Generative quantum machine learning has gained significant attention for its ability to produce quantum states with desired distributions. Among various quantum generative models, quantum denoising diffusion probabilistic models (QuDDPMs) [Phys. Rev. Lett. 132, 100602 (2024)] provide a promising approach with stepwise learning that resolves the training issues. However, the requirement of high-fidelity scrambling unitaries in QuDDPM poses a challenge in near-term implementation. We propose the \textit{mixed-state quantum denoising diffusion probabilistic model} (MSQuDDPM) to eliminate the need for scrambling unitaries. Our approach focuses on adapting the quantum noise channels to the model architecture, which integrates depolarizing noise channels in the forward diffusion process and parameterized quantum circuits with projective measurements in the backward denoising steps. We also introduce several techniques to improve MSQuDDPM, including a cosine-exponent schedule of noise interpolation, the use of single-qubit random ancilla, and superfidelity-based cost functions to enhance the convergence. We evaluate MSQuDDPM on quantum ensemble generation tasks, demonstrating its successful performance.
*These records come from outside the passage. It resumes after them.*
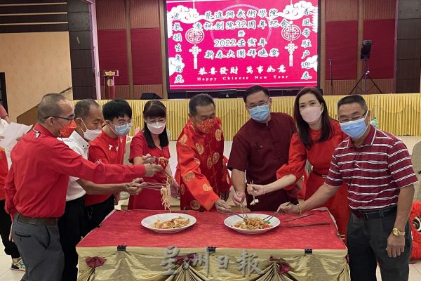 嘉宾捞生庆新年,右起蔡进发、王淑兰、颜天禄、蔡进兴、陈莉莉、蔡传豪、黎辉强及郭培坚。(范纯玮摄)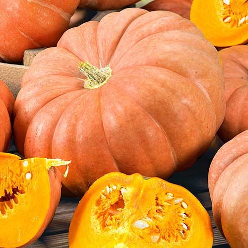 Гарбуз Паризький золотий – це сорт раннього дозрівання. Перший урожай ви зберете через 100-115 днів. Плоди мають плоскоокруглу форму з сегментованою поверхнею теплого оранжевого кольору. М'якоть яскравого золотавого кольору, на смак дуже ніжна і соковита, не дуже солодка. Шкірка щільна, але не товста. Маса плодів – 4-9 кг.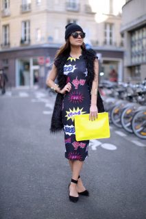 What I’m Wearing: Lavish Alice Comic Dress, ASOS Mongolian Black Gilet, Zara Heels & ASOS Neon Yellow Clutch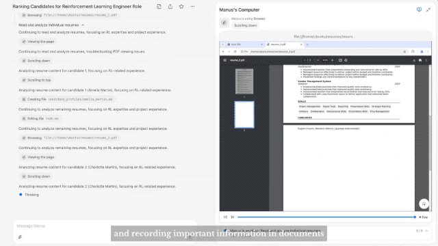 其一是给Manus上传含有10份候选人简历的压缩包,要求Manus帮助筛选简历,Manus在分析指令后会打开一个虚拟机对压缩包进行解压缩,阅读所有简历,然后提供排名建议,并能在用户的要求下生成表格文件,其执行过程通过可视化图形用户界面展示。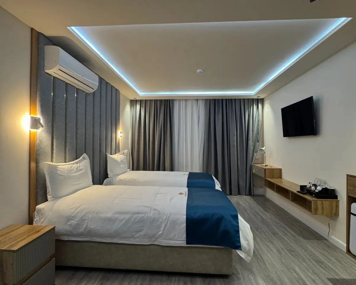 42 м2, две комнаты, большая двуспальная кровать и дополнительные спальные места, количество гостей: до 5Deluxe Twin/ Номер повышенной комфортности с двумя отдельными кроватями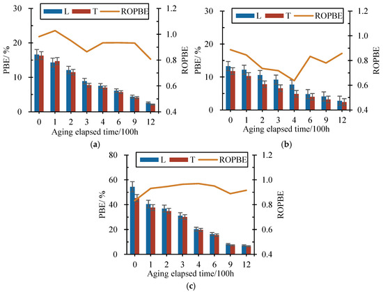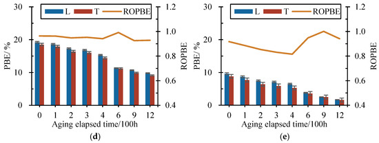Variation in longitudinal (L) and transverse (T) PBE and ratio of orthogonal PBE (ROPBE) with aging-elapsed time. (a) SG. (b) GG. (c) DFG. (d) HPG. (e) GSCM.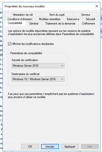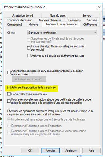 Cette fenêtre va apparaitre et il faudra modifier quelques fonctionnalités comme les rôles, le chiffrement, la compatibilité, l’export de la clé privé, etc.
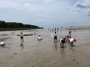 今回は、前日の大雨のおかげか非常にたくさんの生き物を見つけることができました。「イソシジミ」「スナガニ」をはじめ、「アナジャコ」や「ハゼのなかま」などたくさんの生き物に触れる機会に恵まれました。海の危険な生物についても、大雨の影響か浜辺に「ミズクラゲ」「アカクラゲ」などが打ちあがっており、児童もクラゲを生で見ることができ興奮しながらも怖い生き物もいるのだと学んでいる様子でした。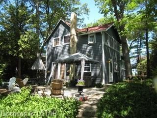 Excellent location for cottage or year round home with view of lake on large treed lot, close to beach access and marina for boaters. You cant get much closer to the beach without being lakefront! Quiet area, dead end street. Garage with storage loft. Updates include kitchen and bathrooms, electrical, gas fireplace is main heat source. Pine floors throughout. Laundry in main floor bathroom. 2 tiered cement patio on east side of house. This is a charming, one of a kind property. Serviced by municipal sewers and water.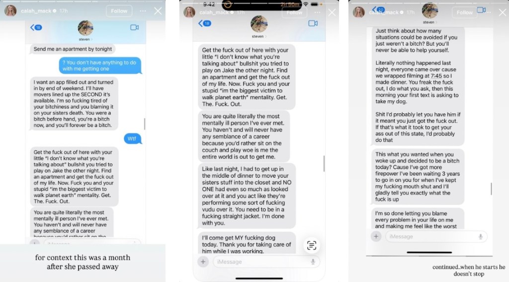 She then shared screenshots of her own of conversations she had with Steven about her sister’s passing. She had asked him to move her sister’s urn and photo, and it spiraled. This is just a snapshot of the whole conversation, but in the messages, Steven calls her a “b*tch” and mentally unwell.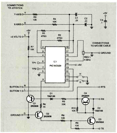 Este circuito de mouse foi encontrado na revista Electronics Now de janeiro de 1997. Ele faz uso de um PIC que deve ser programado de acordo com os movimentos.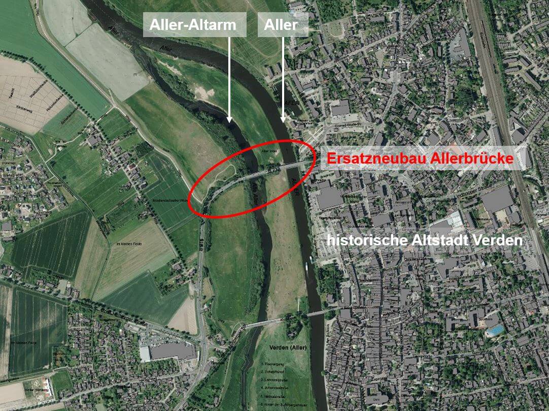 Die B 215 quert nördlich der Innenstadt von Verden die Aller und den Aller-Altarm auf einer Länge von etwa 400 m. Die Allerniederung als weitgehend naturnahe Flussniederung ist in diesem Bereich als FFH-Gebiet und als Vogelschutzgebiet gemeldet und als Naturschutzgebiet national unter Schutz gestellt. Dementsprechend sensibel ist im Rahmen der Planungen auf eine möglichst verträgliche Bauweise des Brückenneubaus sowie auf einen eingriffsminimierten Bauablauf insbesondere im Bereich der Gewässer zu achten. Zugleich ist die ästhetische Wirkung des Brückenneubaus vor der Kulisse der Verdener Altstadt zu würdigen.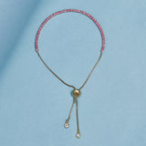 Pink Round Cut CZ Adorned Brass Gold Plated Chain Bracelet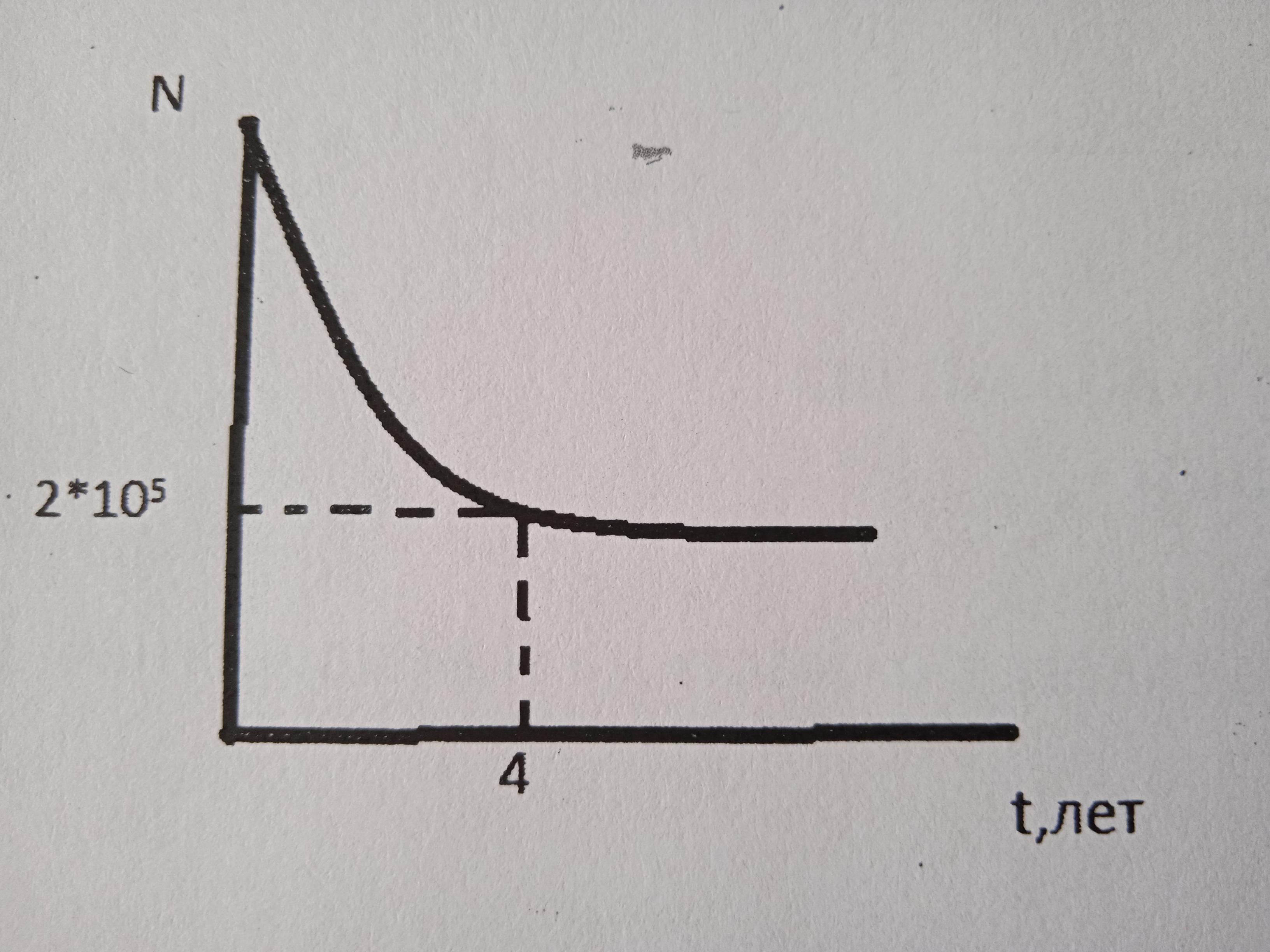 По графику зависимости числа нарставшихся радиоактивных ядер от времени вычислите начальное число ядер (период полураспада Т=2 года)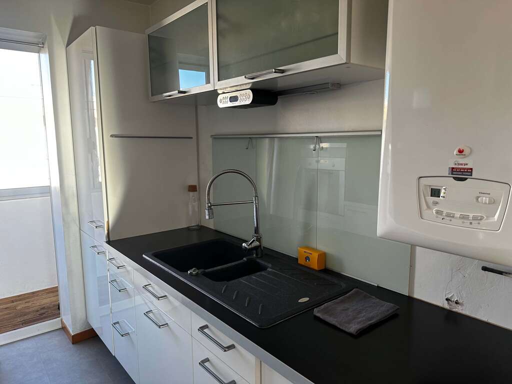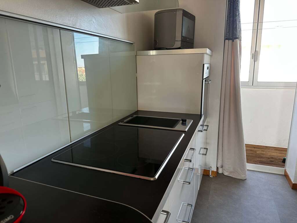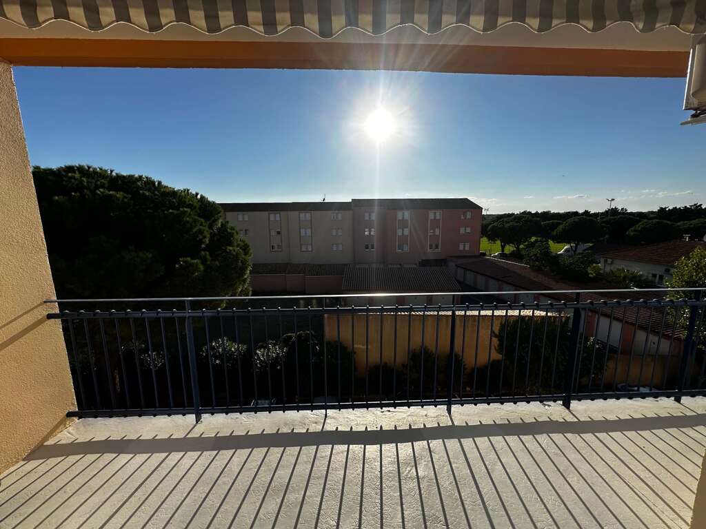 Apartment vacation rental in Valras-Plage with 2 bedrooms, full kitchen, and private balcony, plus free parking and a 6-minute walk to the beach.

翻译：生成式量子机器学习因其能够产生具有期望分布的量子态而受到广泛关注。在各种量子生成模型中，量子去噪扩散概率模型（QuDDPMs）[Phys. Rev. Lett. 132, 100602 (2024)] 通过逐步学习提供了一种有前景的方法，解决了训练难题。然而，QuDDPM 对高保真度置乱幺正算子的要求给近期实现带来了挑战。我们提出了\textit{混合态量子去噪扩散概率模型}（MSQuDDPM）以消除对置乱幺正算子的需求。我们的方法侧重于将量子噪声信道适配到模型架构中，该架构在前向扩散过程中整合了去极化噪声信道，并在反向去噪步骤中使用了带投影测量的参数化量子电路。我们还引入了若干技术以改进MSQuDDPM，包括噪声插值的余弦指数调度、单量子比特随机辅助比特的使用，以及基于超保真度的代价函数以增强收敛性。我们在量子系综生成任务上评估了MSQuDDPM，证明了其成功的性能。